• ABOUT THIS TASK:
Pictures are to be dropped from the copy. Retype the listing exactly.
Segment Start: AVAILABLE DATA
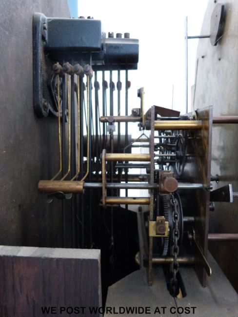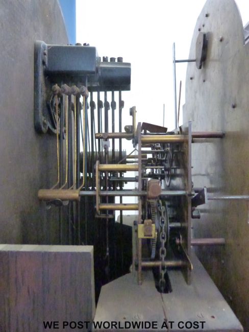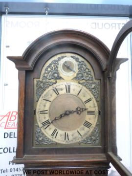 Embee German mid 20thC oak cased longcase clock, the 8 day duration movement with three chime options - Westminster, Whittington and St Michael. The brass Roman dial with silvered chapter ring, dolphin and masked spandrel detail, strike and chime silent facility options. The plain oak case with oval bevelled glass to door and arched hood, 188cm tall
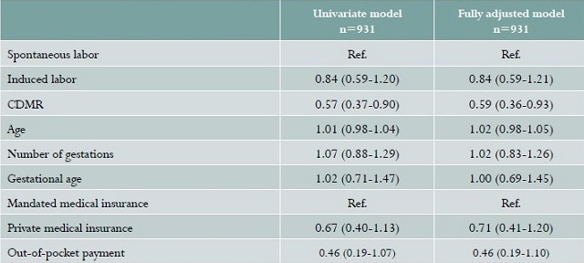 The frequency of hospitalization of the baby was lowest in the CDMR group (10.3% versus 15.8% for spontaneous, 16.2% for induced), this association was close to statistical significance (OR for hospitalization of the baby in the CDMR group with spontaneous labor as reference group: 0.64 [95% CI: 0.41 - 1.03]) (Figure 1). The average weight of the baby did not differ significantly among the three groups: 3161 (± 311 g) in spontaneous labor; 3153 (± 298 g) in induced labor; 3117 (± 300 g) in CDMR; p=0.9 for induced vs spontaneous, p=0.17 for CDMR versus spontaneous. APGAR score at 5 minutes was similar in the three study groups (Median 9.0, interquartile range 9-10 for the three groups).
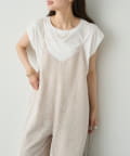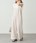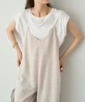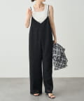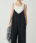リラックス感のあるシルエットですが、華奢な肩紐とVネックの胸当てがすっきり見えを叶えてくれます。
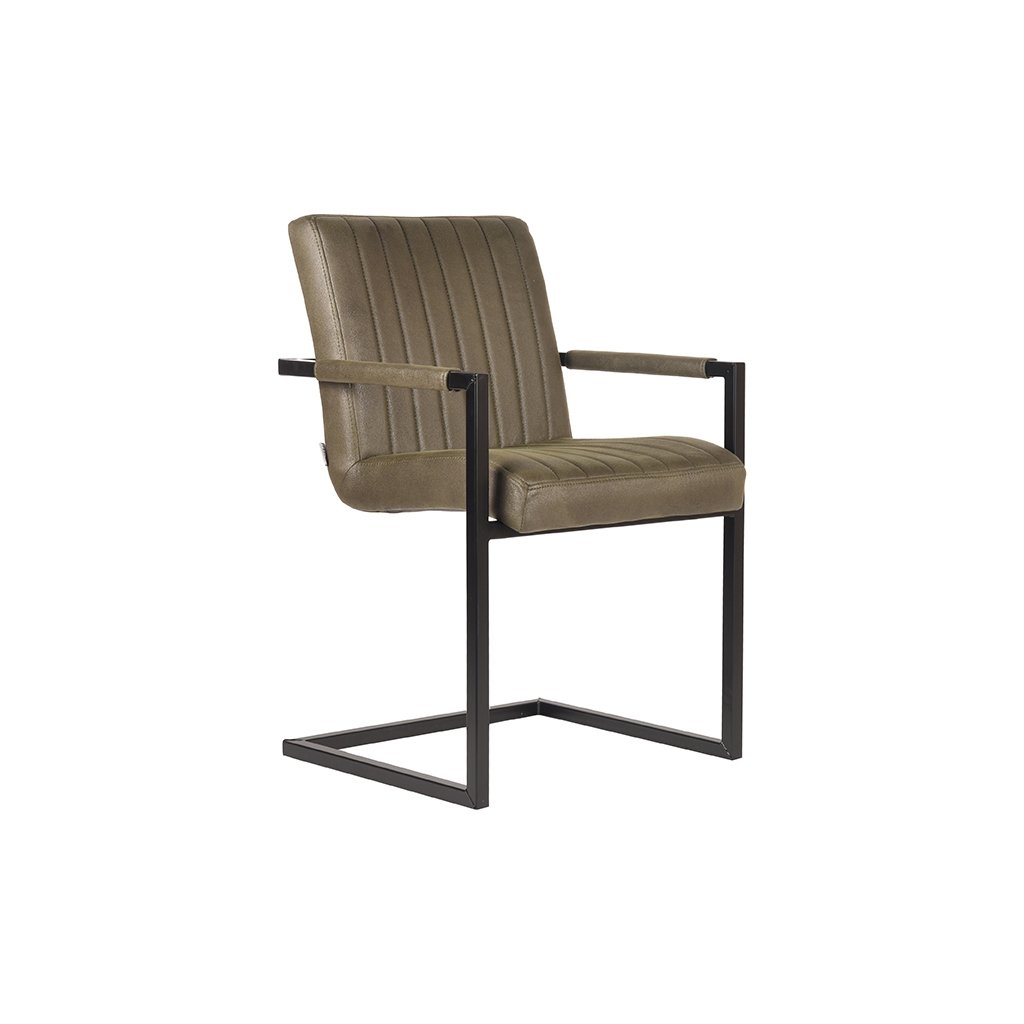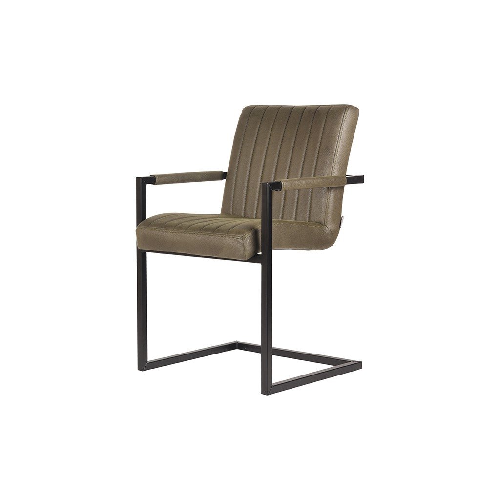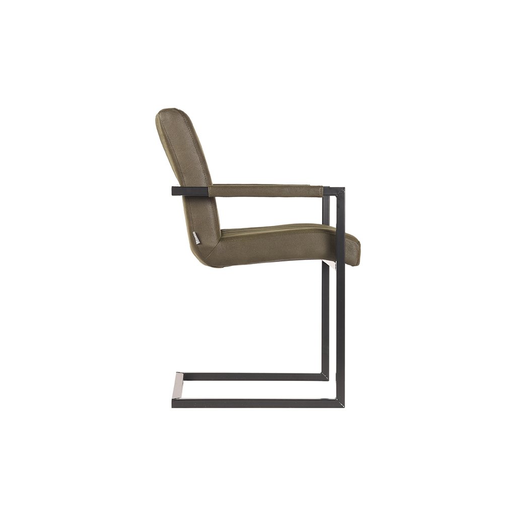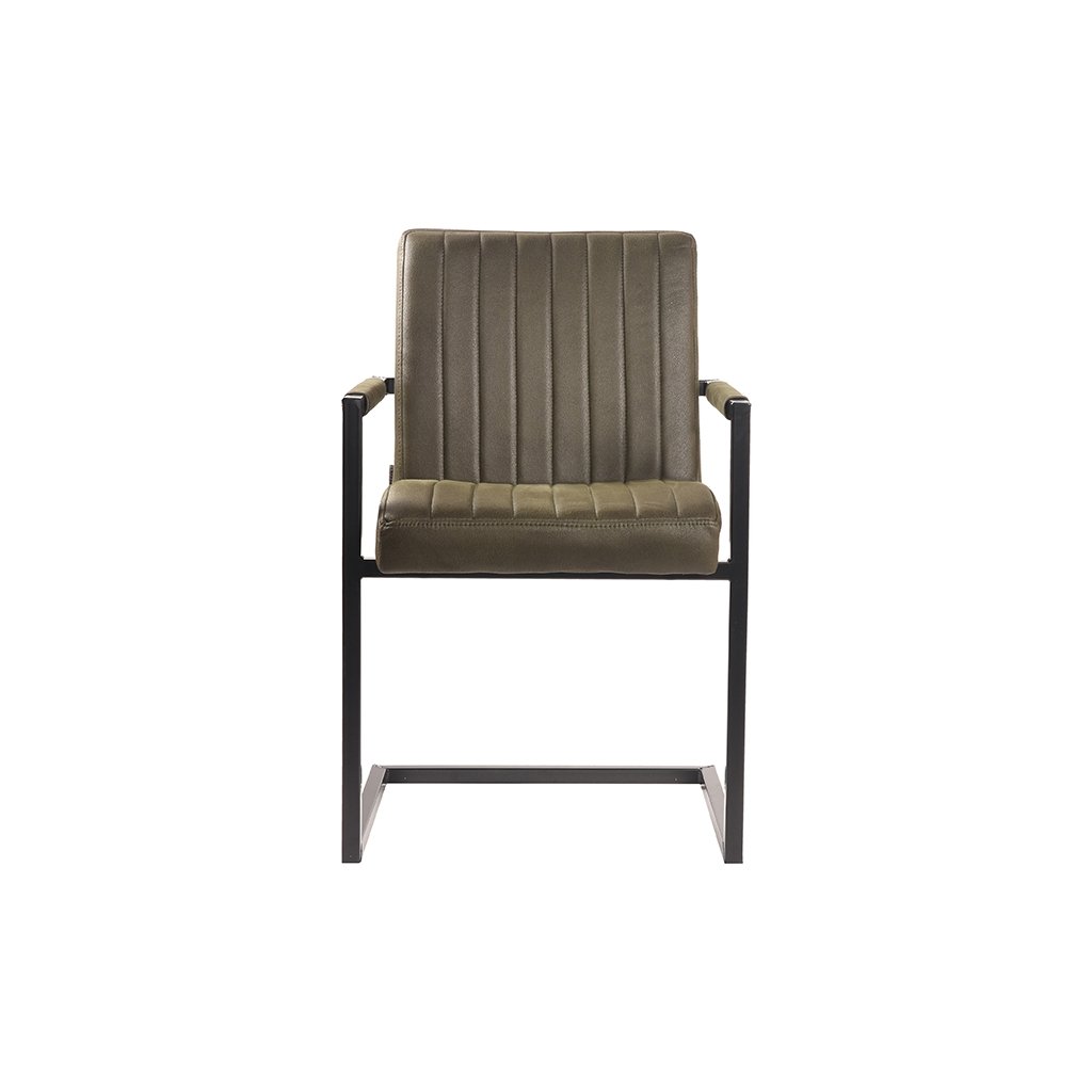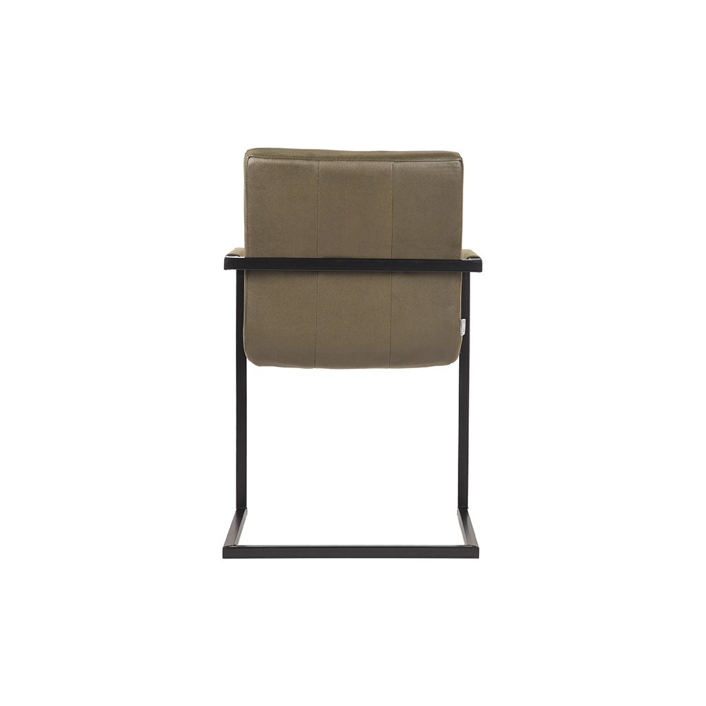 Jídelní židle MILO od holandského výrobce industriálního nábytku LABEL51. MILO je skvělá trendy a velmi pohodlná jídelní židle v barvě armádní zelené s černými nožičkami. Sedák a opěradlo ze zeleného mikrovlákna mají svislé prošívaní. Zajímavostí židle je černá kovová konzolová konstrukce, obsahující područky, které jsou dodávány také v provedení z mikrovlákna.
Segment End: AVAILABLE DATA
• ANSWER:
 Embee German mid 20thC oak cased longcase clock, the 8 day duration movement with three chime options - Westminster, Whittington and St Michael. The brass Roman dial with silvered chapter ring, dolphin and masked spandrel detail, strike and chime silent facility options. The plain oak case with oval bevelled glass to door and arched hood, 188cm tall
 The frequency of hospitalization of the baby was lowest in the CDMR group (10.3% versus 15.8% for spontaneous, 16.2% for induced), this association was close to statistical significance (OR for hospitalization of the baby in the CDMR group with spontaneous labor as reference group: 0.64 [95% CI: 0.41 - 1.03]) (Figure 1). The average weight of the baby did not differ significantly among the three groups: 3161 (± 311 g) in spontaneous labor; 3153 (± 298 g) in induced labor; 3117 (± 300 g) in CDMR; p=0.9 for induced vs spontaneous, p=0.17 for CDMR versus spontaneous. APGAR score at 5 minutes was similar in the three study groups (Median 9.0, interquartile range 9-10 for the three groups).
リラックス感のあるシルエットですが、華奢な肩紐とVネックの胸当てがすっきり見えを叶えてくれます。
 Jídelní židle MILO od holandského výrobce industriálního nábytku LABEL51. MILO je skvělá trendy a velmi pohodlná jídelní židle v barvě armádní zelené s černými nožičkami. Sedák a opěradlo ze zeleného mikrovlákna mají svislé prošívaní. Zajímavostí židle je černá kovová konzolová konstrukce, obsahující područky, které jsou dodávány také v provedení z mikrovlákna.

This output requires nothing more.